U.S. errs in its denial of tourist visas to Mexicans
Linda Valdez
The Arizona Republic
Dec. 30, 2007 12:00 AM

We chatted in the living room of his mother's house, which was comfortable and completely unlike it had been 17 years ago when I first visited.

In those days, Toñita's house didn't have a living room. The walls were made of mud and cactus ribs then, and it was dark and damp inside. The tiny kitchen had only enough room for a table and a treadle sewing machine. Every evening, cots would be opened and lined up in two back rooms where the family of seven slept. During the day, the cots were folded up so people had space to move around and get dressed.

The floors were hard-packed dirt. The toilet was an outhouse. To shower, you had to pump water, heat it on a butane stove, pour it into a 5-gallon plastic tub and carry it to an outdoor enclosure. advertisement




Like many of the homes in the villages surrounding Los Mochis, Sinaloa in western Mexico, Toñita's house has undergone a huge transformation. It was rebuilt over the years room by room with brick and concrete. Big windows now let in the light.

There's a bathroom with running water. The kitchen has a sink and cabinets. The whole place was expanded to include a dining and living room. The floors are tiled. The walls are painted and dotted with family pictures, including an 11-by-17 framed photo of my daughter emerging from the doorway in a cloud of pink netting that was her Quinceañera dress.

Many people would attribute the improvements in my husband's sister's house to remittances from illegal immigrants in the United States. Americans are conditioned to make such assumptions about Mexico.

But Toñita's house was not rebuilt that way. Her children paid for her upgrades without ever leaving Mexico.

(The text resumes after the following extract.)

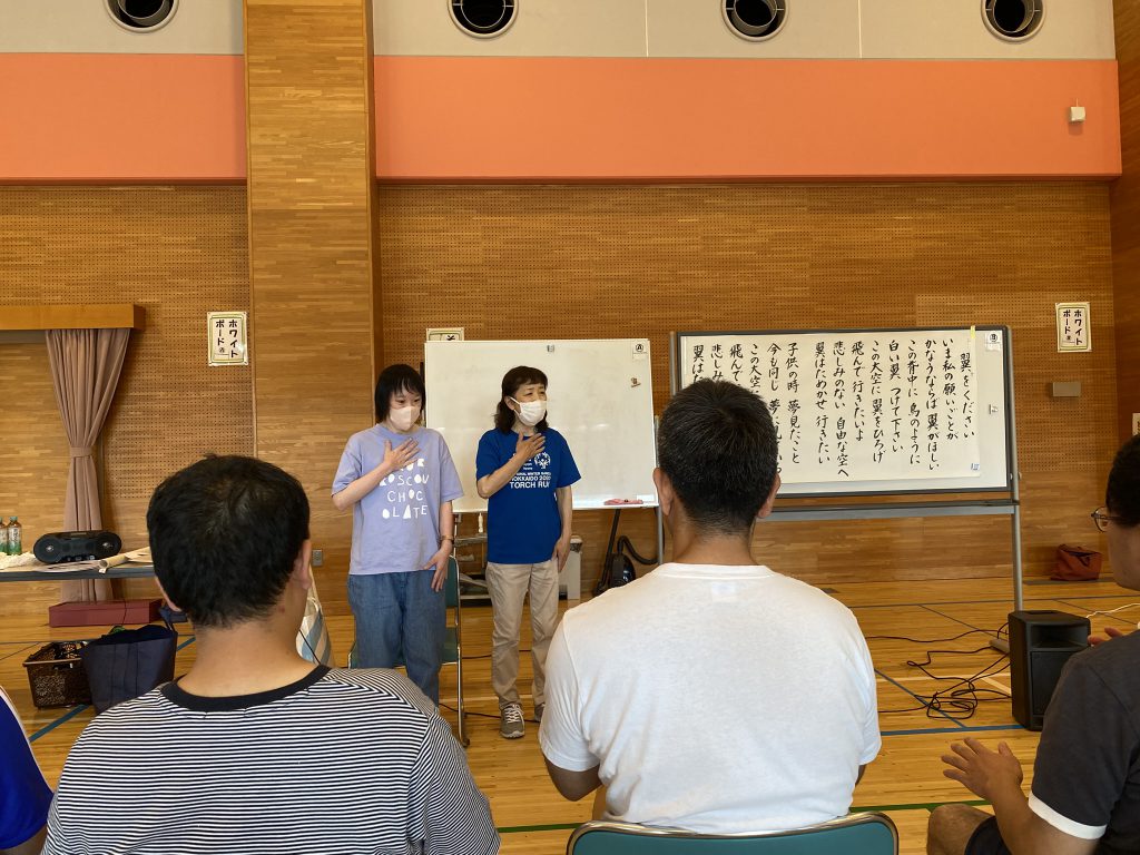 文化メンバーの中に、手話の得意なアスリートがいることをきっかけに、毎回、手話をしながら歌を歌っています。もちろん先生は、アスリートのTさん。

Her husband's hard work in agriculture cost him an eye, but it never paid enough to lift them above subsistence. The kids learned from his experience. They studied. They got good jobs. Their mother says their prosperity was a result of la ayuda de Dios, or the help of God.

God gets credit for every good thing that happens to this family. This, too, runs contrary to the unflattering image of Mexicans that Americans have allowed themselves to accept.

Two of Toñita's boys work as electricians for the government, the third is involved in computers and computer training, also for the Mexican government. The two daughters married well, and they help, too.

It's a matter of pride in Mexico to assist your parents and your in-laws. This is something else you don't hear on AM talk radio or the other U.S. media outlets that specialize in whipping up fears about "invaders" from south of the border.

The fearmongers talk about Mexicans as shadowy villains who cross the border illegally because they refuse to "wait in line" and "come the right way."

Of course, these commentators don't tell you there is no real line or any realistic expectation that waiting will result in permission to cross the border to find work. Even average Mexicans who just want to visit face ridiculous obstacles.

That brings us back to my recent conversation with one of my nephews in Toñita's tidy living room.

He showed me a folder of carefully prepared papers. One was a letter from his employer, notarized and on an official letterhead, saying he had been working for 2½ years and would have a job for the foreseeable future. These were papers he had been told to take with him to the American Consulate in Hermosillo, Sonora to apply for a non-immigrant tourist visa.

He followed the process. He paid $100. He stood in line. He waited his turn. He said his appointment lasted less than a minute.

The interviewer asked why he wanted to go to the United States. "Just to look around and see what it is like," he replied. That's what tourists do, isn't it?

Apparently not. They kept his money and gave him a form letter of refusal. It said the interviewer was not convinced he would return to Mexico after entering the United States. He can bring another $100 and try again in six months. Outside, he met a number of others who had been in line with him. They all had the same form letter. They were all $100 poorer and no wiser about why they had been turned down.

He asked if I could explain it, but I couldn't.

There is no good reason why an earnest young man who has a steady job in Mexico should be denied a tourist visa. There are only bad reasons.

A bunch of opportunists spouting anti-Mexican rhetoric have turned this nation's legitimate frustration over illegal immigration into something mean. The utter failure of politicians to face this problem has left many Americans too angry to remember how much they have in common with their Mexican neighbors.

I didn't want to tell him that Mexicans who honor their parents and their God and cover their walls with family pictures are viewed with such suspicion that my country resists providing a dignified, legal mechanism for them to cross the border.

So I told him the next time he goes to the consulate, he should say he wants to go to the United States so he can shop and spend money.

It might work.

We may not love our neighbors, but America still loves commerce.